WORK INSTRUCTIONS - Could you repeat, exactly and with no pictures, only the lines from the start of the records through the line containing "自带虚拟会员数据,用于宣传使用"?

SOURCE RECORDS -
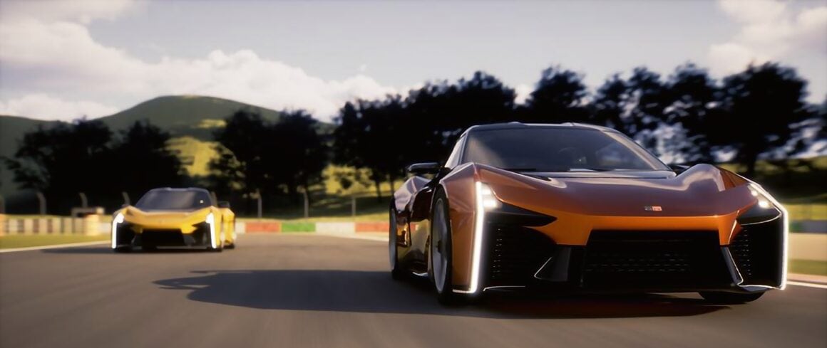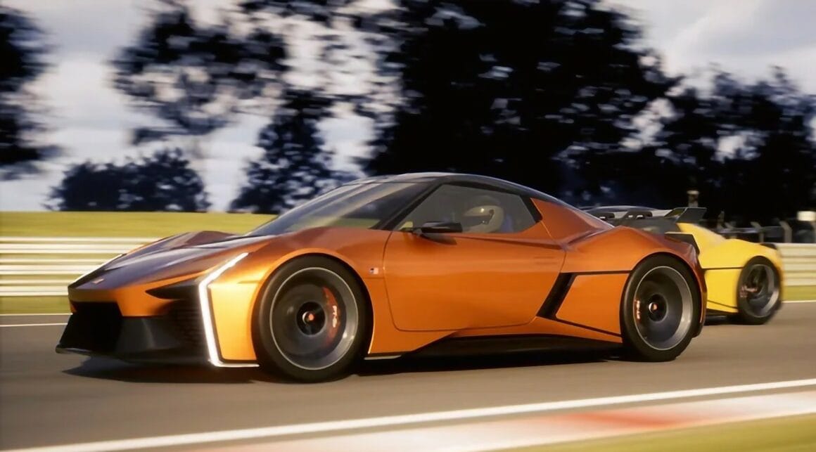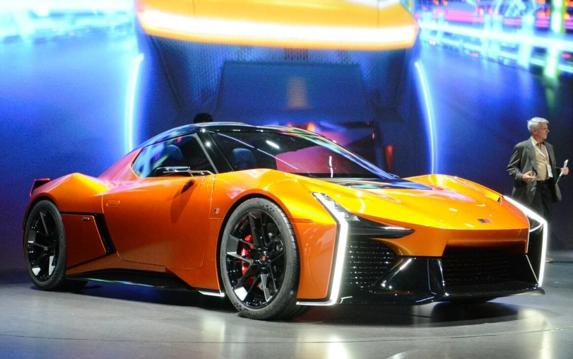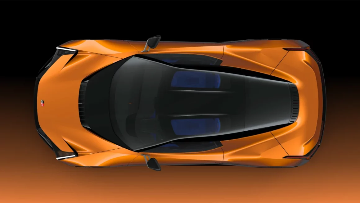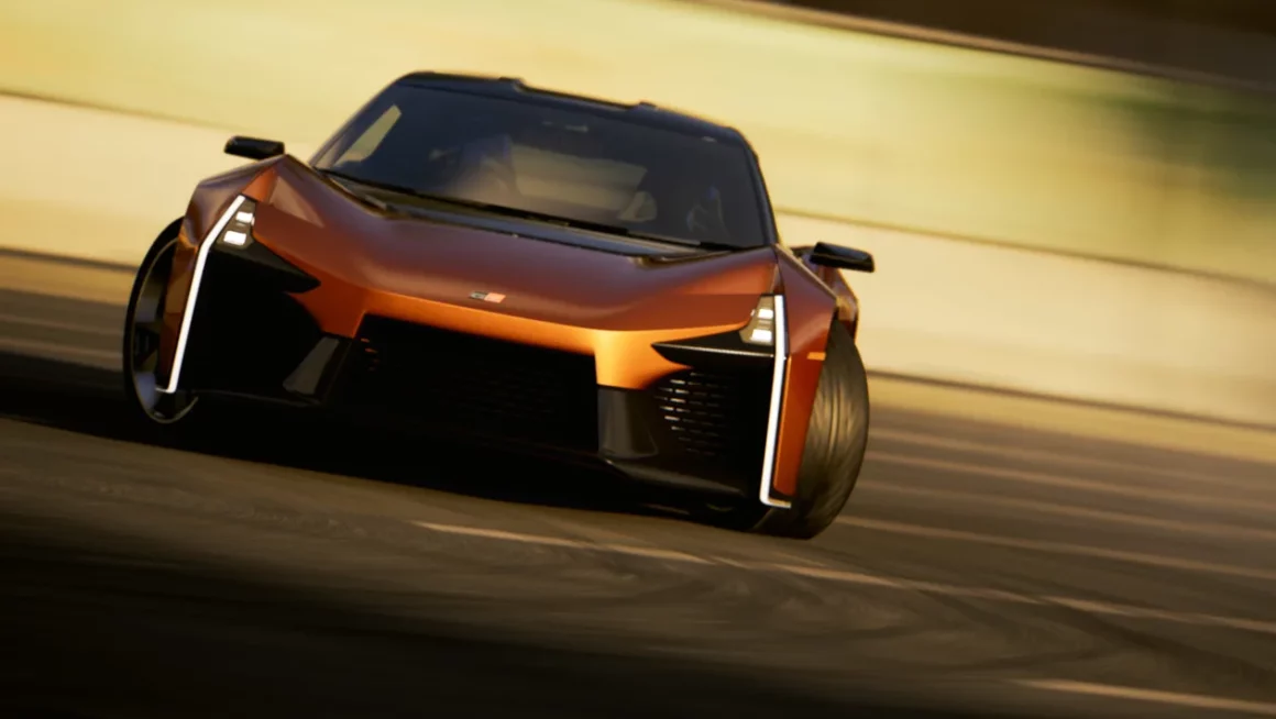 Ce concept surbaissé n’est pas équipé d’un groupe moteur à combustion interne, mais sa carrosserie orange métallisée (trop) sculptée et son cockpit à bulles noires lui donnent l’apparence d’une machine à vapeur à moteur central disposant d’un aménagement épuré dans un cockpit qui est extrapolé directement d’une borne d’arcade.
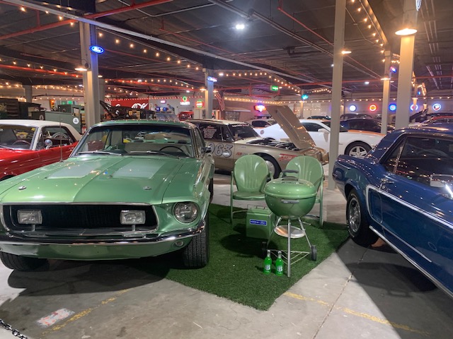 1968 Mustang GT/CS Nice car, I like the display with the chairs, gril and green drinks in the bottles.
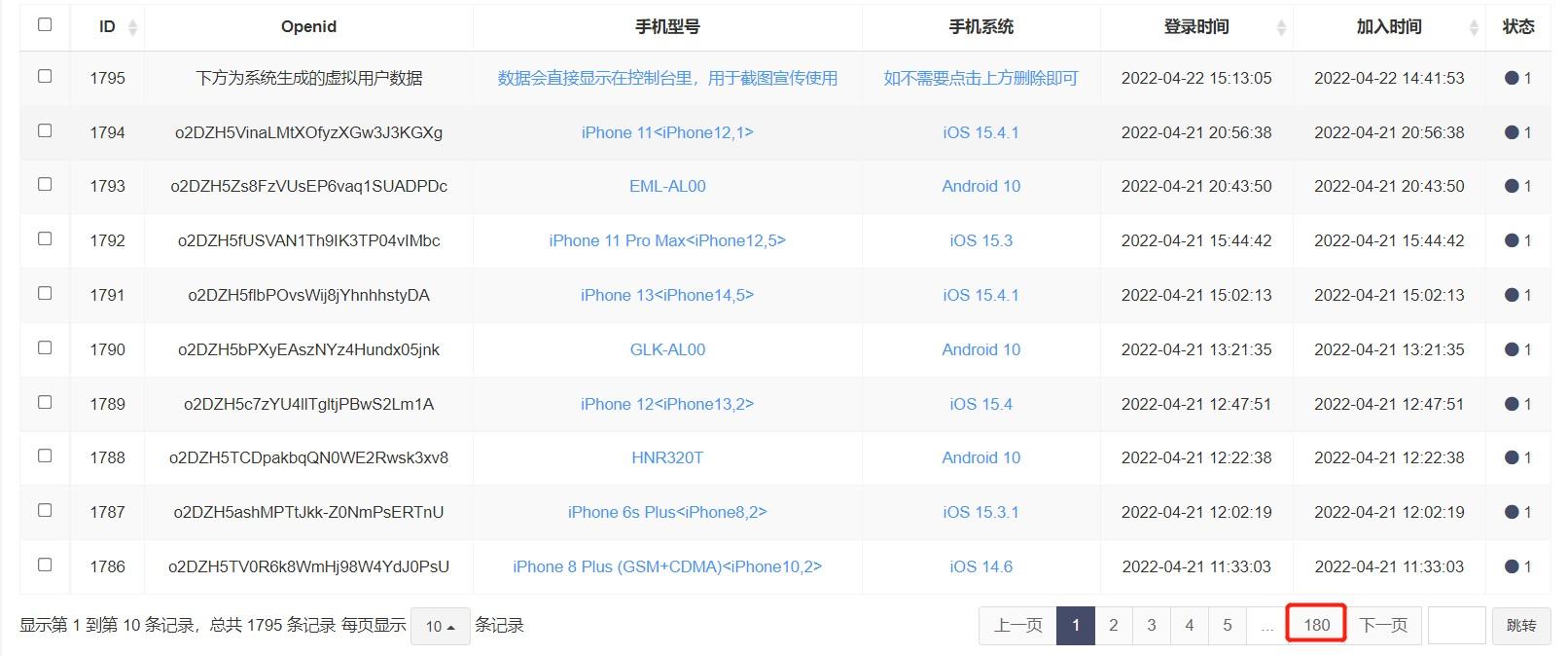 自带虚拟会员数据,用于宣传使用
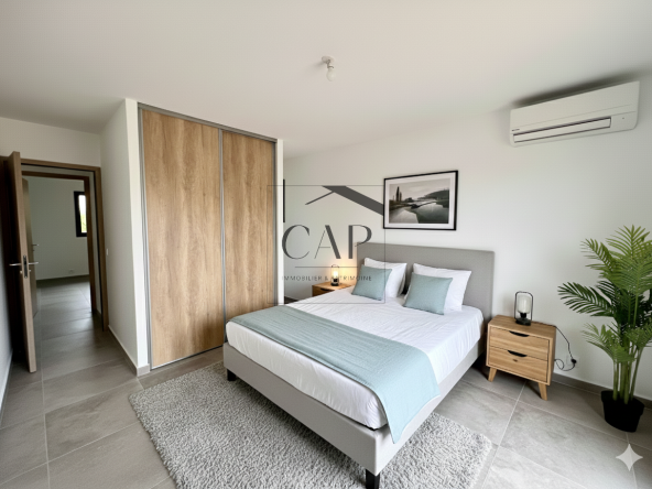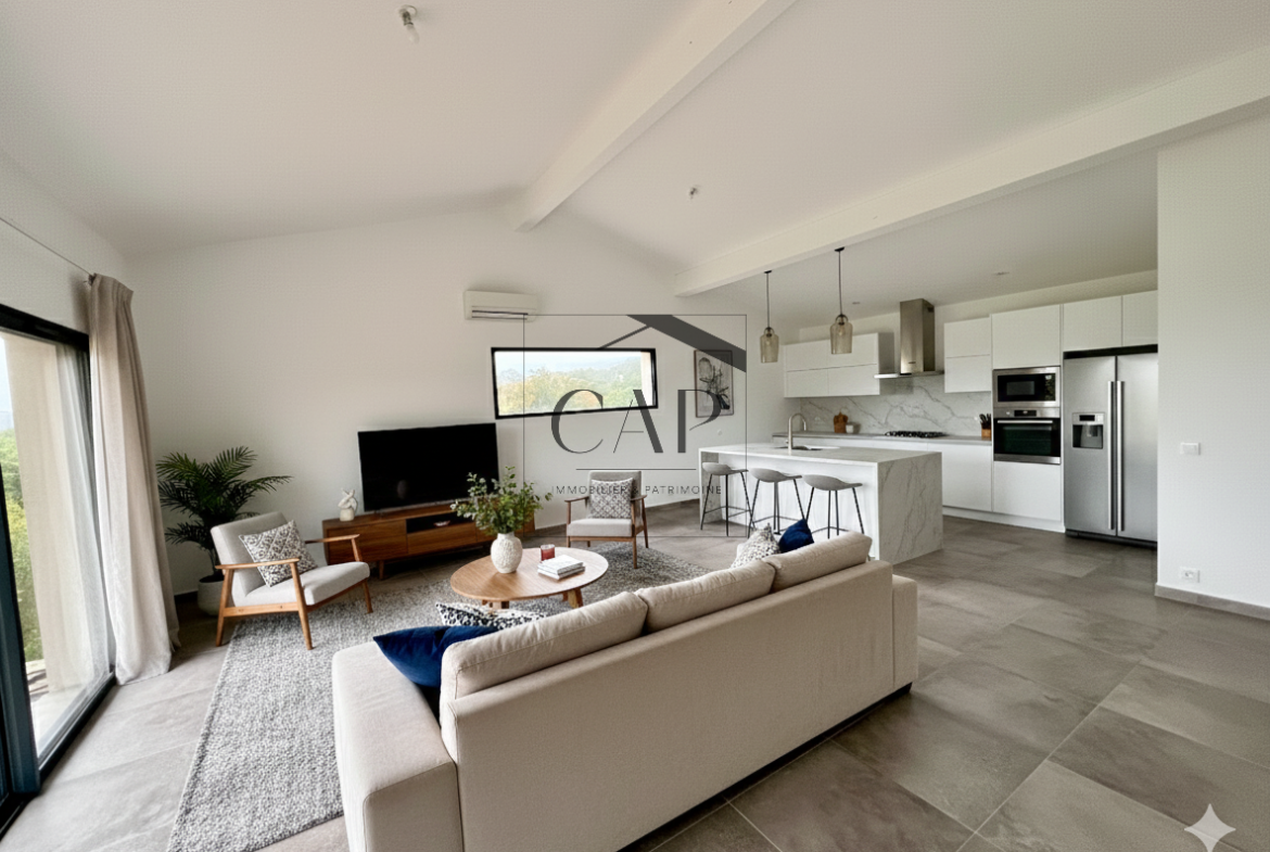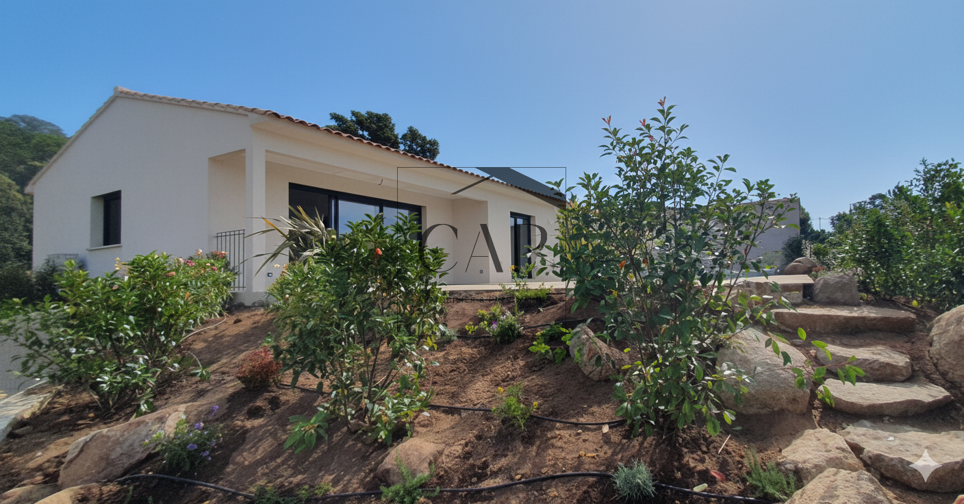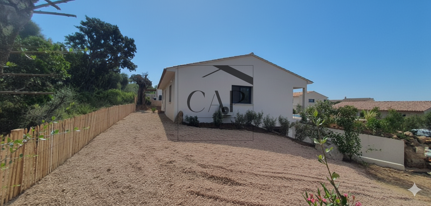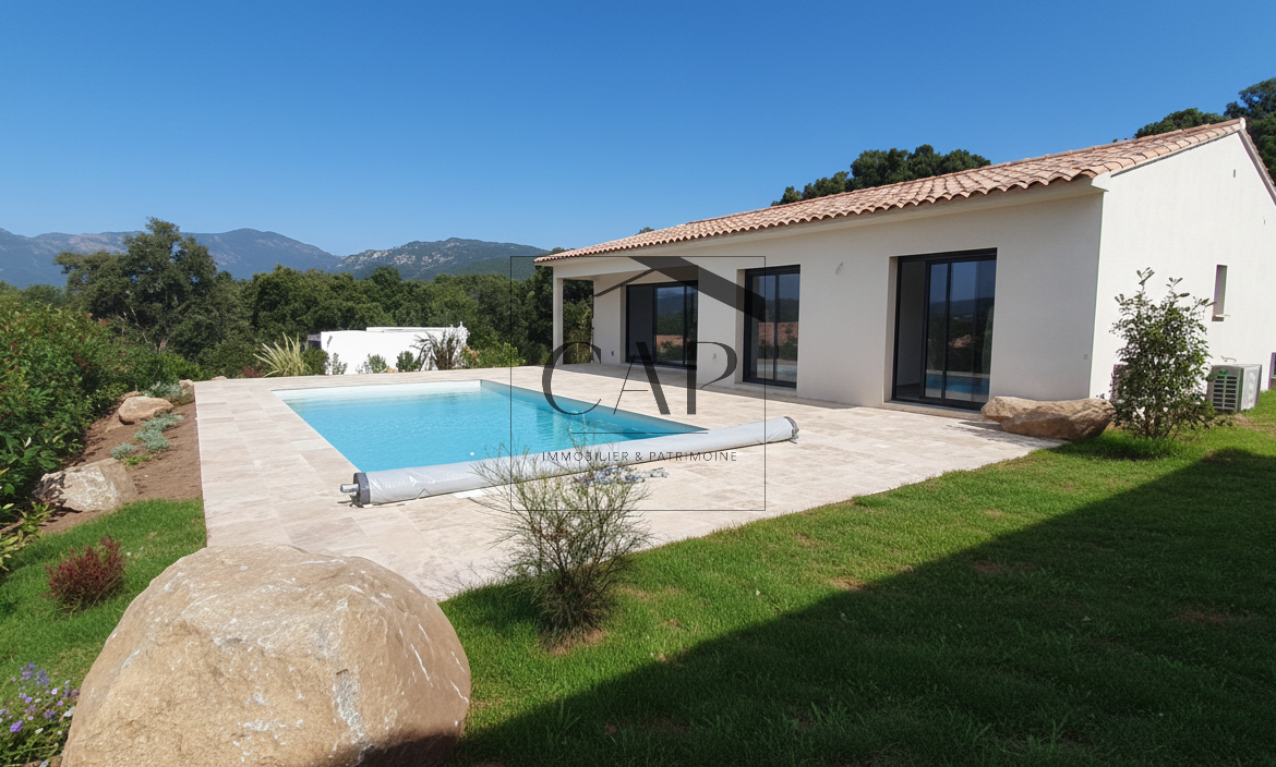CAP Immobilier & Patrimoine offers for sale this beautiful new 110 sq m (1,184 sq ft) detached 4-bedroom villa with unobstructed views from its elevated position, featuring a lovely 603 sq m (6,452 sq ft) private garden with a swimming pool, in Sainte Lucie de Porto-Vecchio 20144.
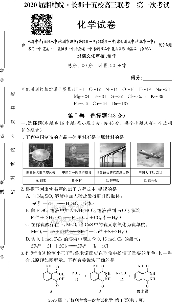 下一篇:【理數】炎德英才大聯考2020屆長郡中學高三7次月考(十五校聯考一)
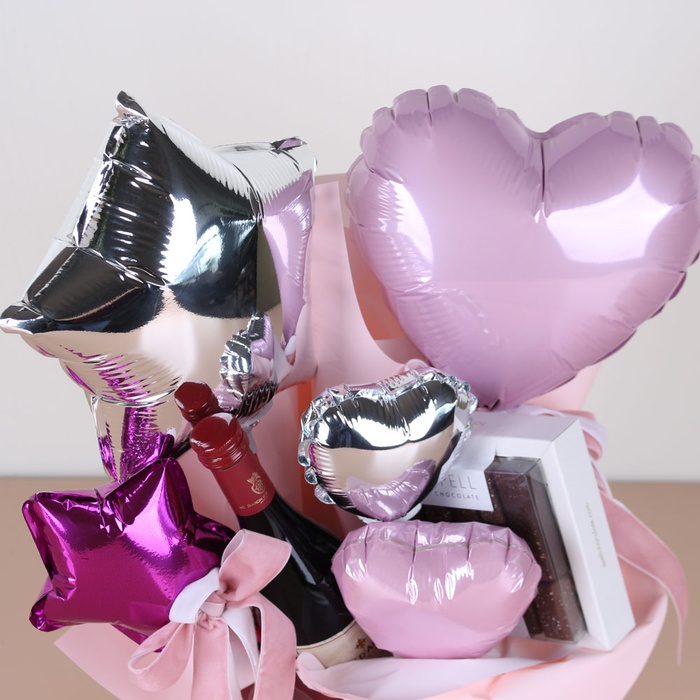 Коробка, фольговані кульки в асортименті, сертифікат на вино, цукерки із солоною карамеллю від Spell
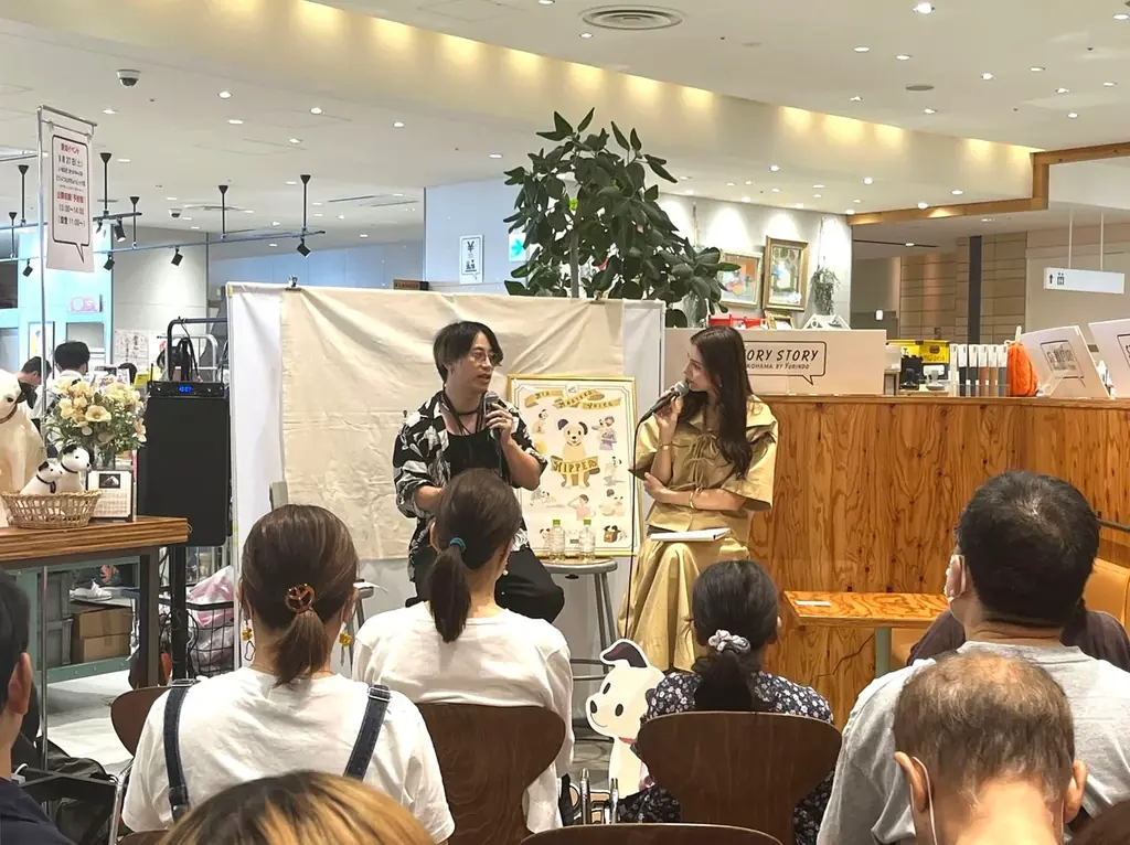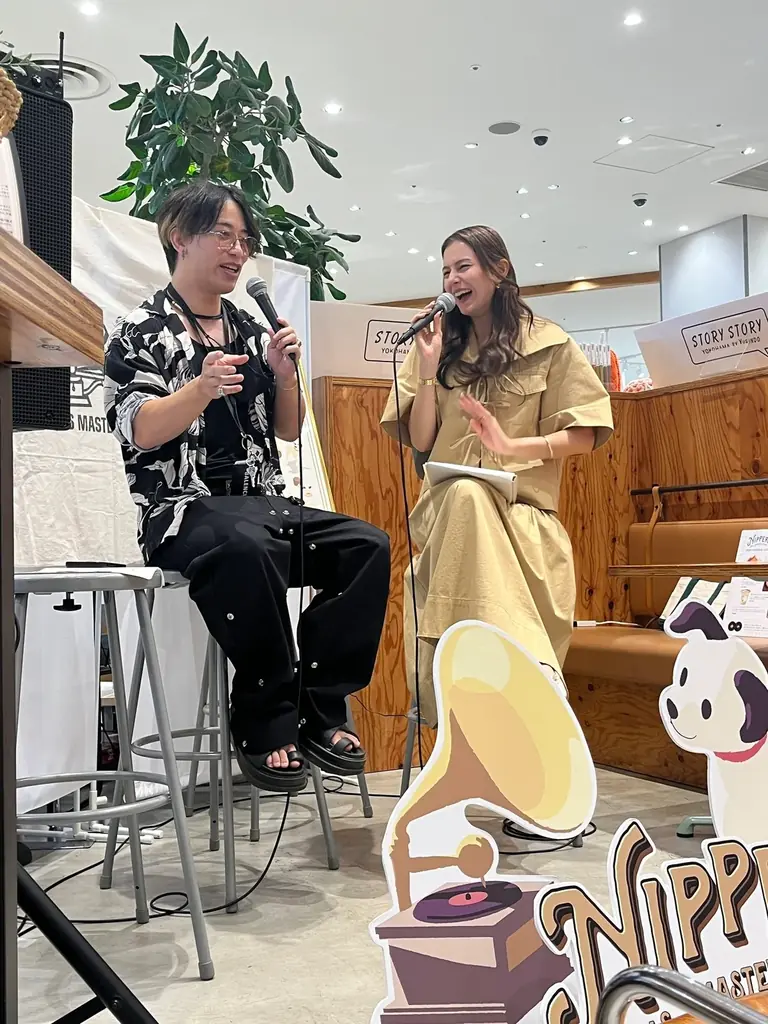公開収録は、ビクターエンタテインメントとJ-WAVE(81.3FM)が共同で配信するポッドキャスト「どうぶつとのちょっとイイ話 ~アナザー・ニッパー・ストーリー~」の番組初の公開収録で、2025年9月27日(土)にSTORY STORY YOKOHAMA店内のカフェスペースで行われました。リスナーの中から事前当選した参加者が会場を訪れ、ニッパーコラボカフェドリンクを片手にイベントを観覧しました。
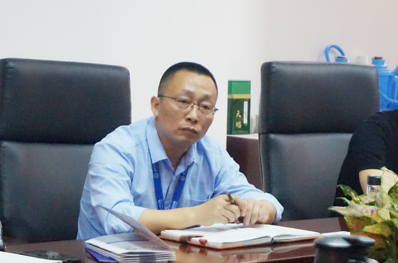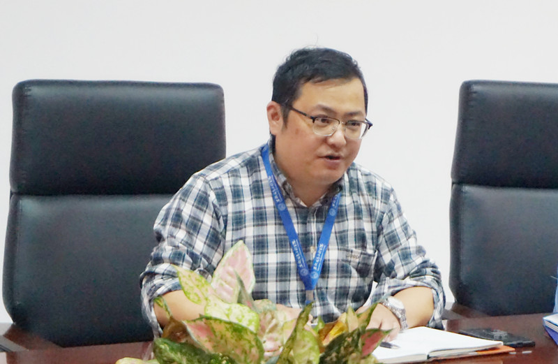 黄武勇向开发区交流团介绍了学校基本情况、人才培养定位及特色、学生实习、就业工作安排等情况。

WRITTEN SOLUTION -
 Ce concept surbaissé n’est pas équipé d’un groupe moteur à combustion interne, mais sa carrosserie orange métallisée (trop) sculptée et son cockpit à bulles noires lui donnent l’apparence d’une machine à vapeur à moteur central disposant d’un aménagement épuré dans un cockpit qui est extrapolé directement d’une borne d’arcade.
 1968 Mustang GT/CS Nice car, I like the display with the chairs, gril and green drinks in the bottles.
 自带虚拟会员数据,用于宣传使用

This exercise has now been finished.